Department of Biomedical and Clinical Sciences "Luigi Sacco", Università degli Studi di Milano, Milan, Italy.
Department of Neurology and Laboratory of Neuroscience, Istituto Auxologico Italiano IRCCS, Milan, Italy.
Eur J Neurol. 2022 Aug;29(8):2493-2498. doi: 10.1111/ene.15345. Epub 2022 Apr 15.
Oropharyngeal dysphagia is generally recognized to increase the risk of malnutrition; however, its role in patients with neurodegenerative disease has yet to be determined. This cross-sectional study aimed to investigate the impact of swallowing function on malnutrition risk in patients with neurodegenerative diseases.
Patients with oral nutrition and diagnosis of Huntington disease (HD), Parkinson disease (PD), or amyotrophic lateral sclerosis (ALS) were recruited. Demographic and clinical data were collected.
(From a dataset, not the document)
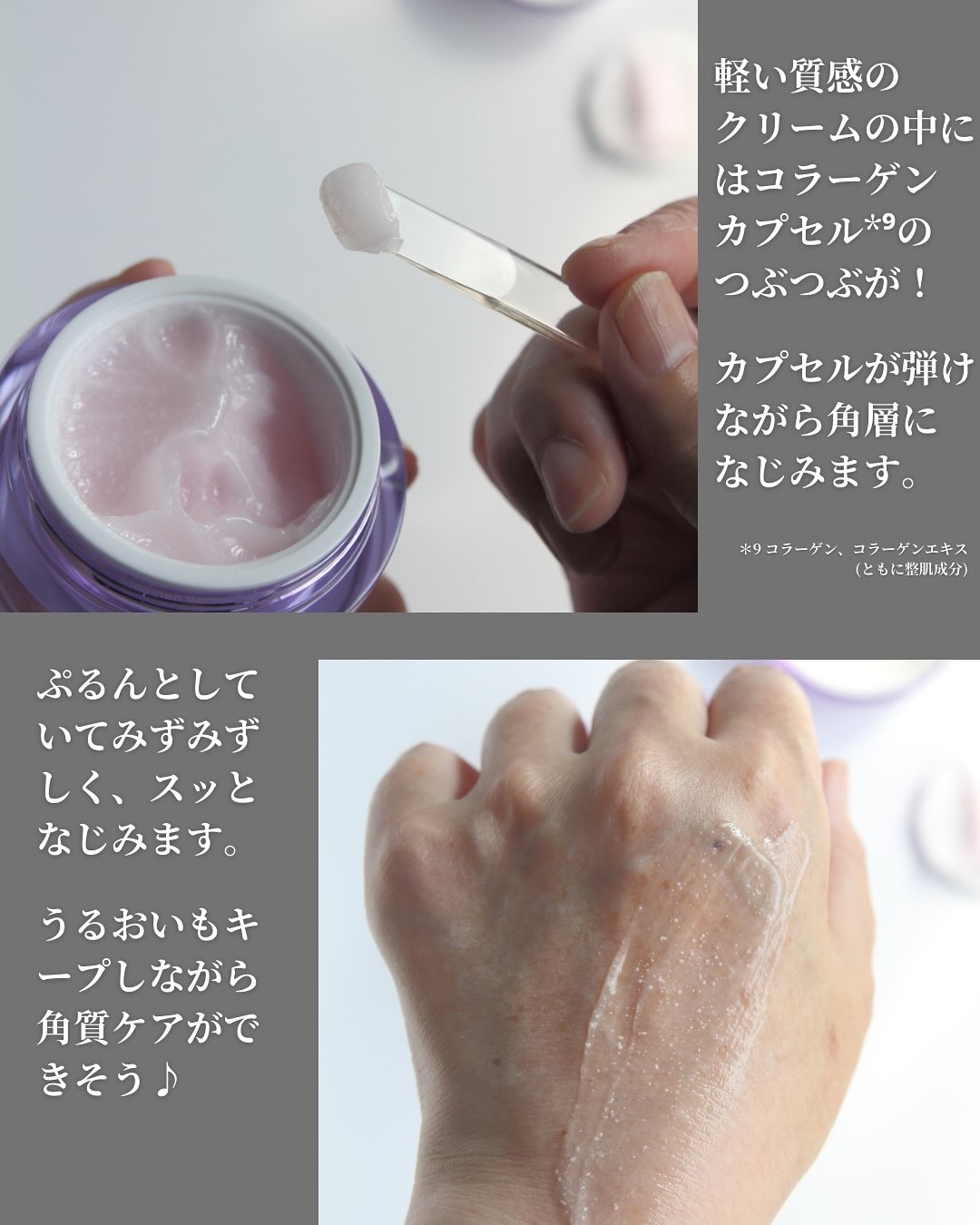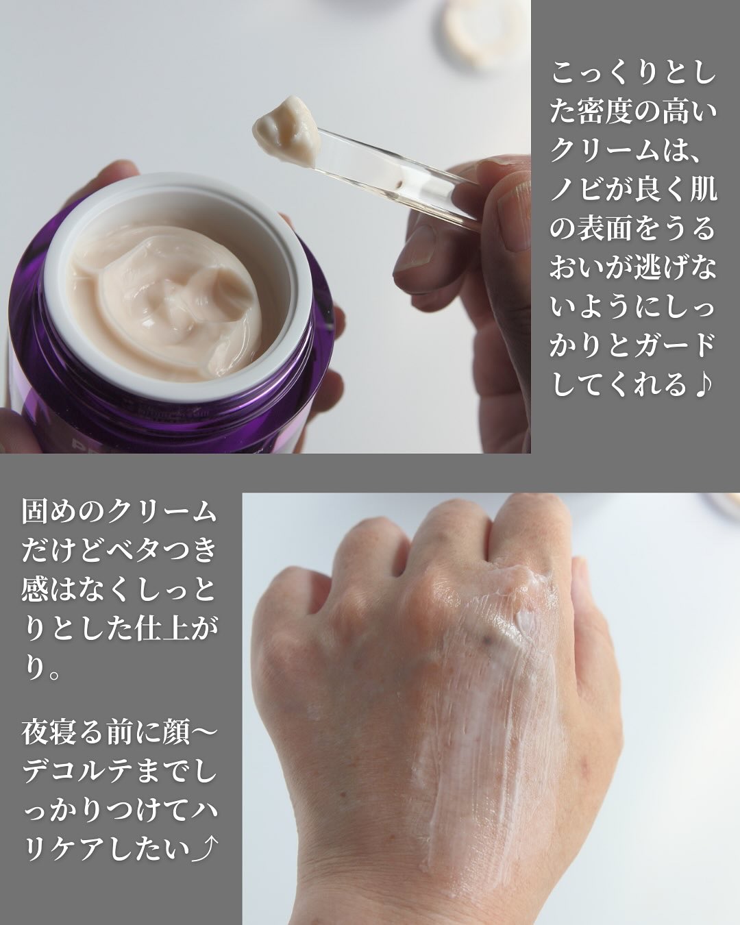| テクスチャーはとろみのあるリッチなクリームで、肌にのせるととろけるように広がります。 | 詳細を見る | ||

The swallowing assessment included a fiberoptic endoscopic evaluation of swallowing, an oral phase assessment, and a meal observation scored with the Mealtime Assessment Scale (MAS). Malnutrition risk was assessed with the Mini Nutritional Assessment.
Overall, 148 patients were recruited (54 HD, 33 PD, and 61 ALS). One hundred (67.6%) patients were considered at risk of malnutrition. In the multivariate analysis, age ≥ 65 years (odds ratio [OR] = 3.16, p = 0.014), disease severity (moderate vs mild OR = 3.89, severe vs mild OR = 9.71, p = 0.003), number of masticatory cycles (OR = 1.03, p = 0.044), and MAS safety (OR = 1.44, p = 0.016) were significantly associated with malnutrition risk.
Prolonged oral phase and signs of impaired swallowing safety during meals, together with older age and disease severity, are independent predictors of malnutrition risk in neurodegenerative diseases. This study broadens the focus on dysphagia, stressing the importance of early detection not only of pharyngeal signs, but also of oral phase impairment and meal difficulties through a multidimensional swallowing assessment.
口咽吞咽困难通常被认为会增加营养不良的风险;然而,其在神经退行性疾病患者中的作用尚未确定。本横断面研究旨在探讨吞咽功能对神经退行性疾病患者营养不良风险的影响。
招募经口营养且诊断为亨廷顿病(HD)、帕金森病(PD)或肌萎缩侧索硬化症(ALS)的患者。收集人口统计学和临床数据。吞咽评估包括纤维内镜吞咽评估、口腔期评估和使用膳食评估量表(MAS)进行的膳食观察评分。使用迷你营养评估(MNA)评估营养不良风险。
共招募了 148 名患者(54 名 HD、33 名 PD 和 61 名 ALS)。100 名(67.6%)患者被认为存在营养不良风险。在多变量分析中,年龄≥65 岁(比值比[OR] = 3.16,p = 0.014)、疾病严重程度(中度与轻度 OR = 3.89,重度与轻度 OR = 9.71,p = 0.003)、咀嚼循环次数(OR = 1.03,p = 0.044)和 MAS 安全性(OR = 1.44,p = 0.016)与营养不良风险显著相关。
延长的口腔期和用餐时吞咽安全性受损的迹象,以及年龄较大和疾病严重程度,是神经退行性疾病中营养不良风险的独立预测因素。本研究拓宽了对吞咽困难的关注,强调了不仅要早期发现咽部征象,还要通过多维吞咽评估早期发现口腔期损伤和用餐困难的重要性。